Bewertung:

Reading Claudius ist ein sehr fesselndes und wunderschön geschriebenes Erinnerungsbuch von Caroline Heller, das sich auf die Erfahrungen ihrer Familie vor und während der Nazizeit in Europa konzentriert. Das Buch verbindet persönliche Anekdoten mit historischen Recherchen und bietet eine einzigartige Perspektive auf die Auswirkungen des Holocausts auf ihre Eltern und ihren Onkel sowie auf die nachfolgenden Generationen.
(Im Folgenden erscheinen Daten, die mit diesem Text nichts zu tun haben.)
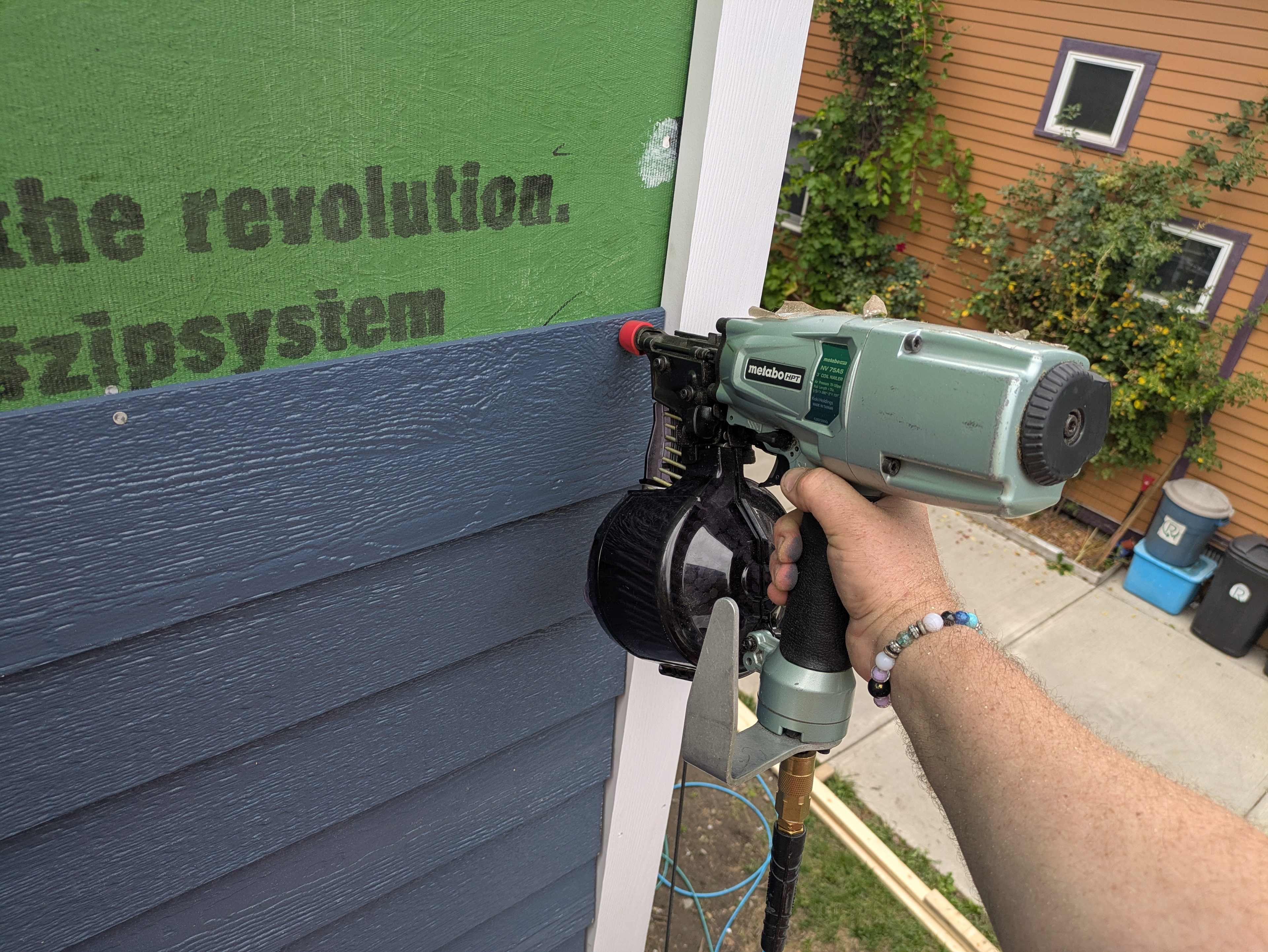 The siding is brought to the installers who nail it off with pneumatic siding nailers. The siding is nailed into the studs with long siding nails. LP smartside can be blind nailed which virtually eliminates visible fasteners that will require painting.
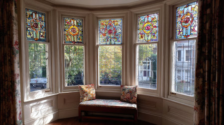 Bright and inviting Victorian window featuring colorful stained glass panels, enhancing the cozy atmosphere of a charming interior setting.

Der Schreibstil zeichnet sich durch Klarheit und emotionale Tiefe aus und macht das Buch zu einer fesselnden Lektüre, in der Themen wie Identität, Überleben und Familienbande eine Rolle spielen.
Vorteile:Die Memoiren sind wunderschön geschrieben und fesselnd und bieten eine reichhaltige und nuancierte Darstellung des intellektuellen Lebens in Europa vor dem Zweiten Weltkrieg und der Auswirkungen des Holocausts. Die Leserinnen und Leser schätzen die einfühlsame Darstellung komplexer Charaktere und Beziehungen sowie die Verwendung von Briefen und persönlichen Erinnerungen, um emotionale Tiefe zu erzeugen. Das Buch regt zum Nachdenken über die Beziehung der Autorin zu ihrer Familie an und fesselt den Leser durch seine klare und lebendige Prosa.
Nachteile:Einige Leser empfanden bestimmte Abschnitte, insbesondere die Briefe, als etwas langweilig oder langsam, was den Erzählfluss unterbrechen konnte. Einige waren der Meinung, dass sich der Anfang des Buches in die Länge zog, bevor es interessanter wurde. Außerdem gab es Hinweise auf fehlende Familienfotos, um den persönlichen Bezug zur Geschichte zu verstärken.
(basierend auf 40 Leserbewertungen)
Reading Claudius
In ihren unvergesslichen Erinnerungen an das Leben ihrer Eltern und an ihr eigenes Leben erweckt Caroline Heller die verlorene Welt der europäischen Kaffeehauskultur zum Leben und erinnert uns an die Kraft der Literatur in den schwierigsten Zeiten.
Heller lässt das Prag der Vorkriegszeit lebendig werden, wo ihre Eltern lebten, liebten und studierten. Ihre Mutter, Liese Florsheim, war ein junger deutscher Flüchtling, der sich zunächst eher zu Erich Heller, einem klugen, aber distanzierten Intellektuellen, als zu seinem Bruder Paul hingezogen fühlte. Als Hitlers Macht sich ausbreitet und der Zweite Weltkrieg unausweichlich wird, wird ihre Welt zerstört und sie müssen aus dem Land und vom Kontinent fliehen. Paul, der später der Vater des Autors werden soll, wird gefangen genommen und nach Buchenwald geschickt, wo er unter höllischen Bedingungen überlebt.
Obwohl Pauls Leben in Europa fast zu Ende geht, trifft er in den Vereinigten Staaten wieder mit Liese zusammen, wo sie heiraten. Ihre Tochter Caroline, ruhelos und unsicher, trägt das Trauma der Geschichte ihrer Eltern mit sich, aber ihr Bestreben, mit ihrem Erbe Frieden zu schließen, wird durch ihre Liebe zu Büchern und Schriftstellern, einem Teil des Familienerbes, erleichtert. In den dunkelsten Jahren der Hitler-Herrschaft hatten Carolines Eltern und ihr Onkel immer wieder auf die Literatur zurückgegriffen, um zu überleben - und so tut auch sie es.
Claudius lesen“ ist eine tiefgründige Meditation über die Art und Weise, wie wir versuchen, die Geheimnisse unserer Vergangenheit zu lösen, und ein Fenster zum Verständnis der Menschen, die wir lieben.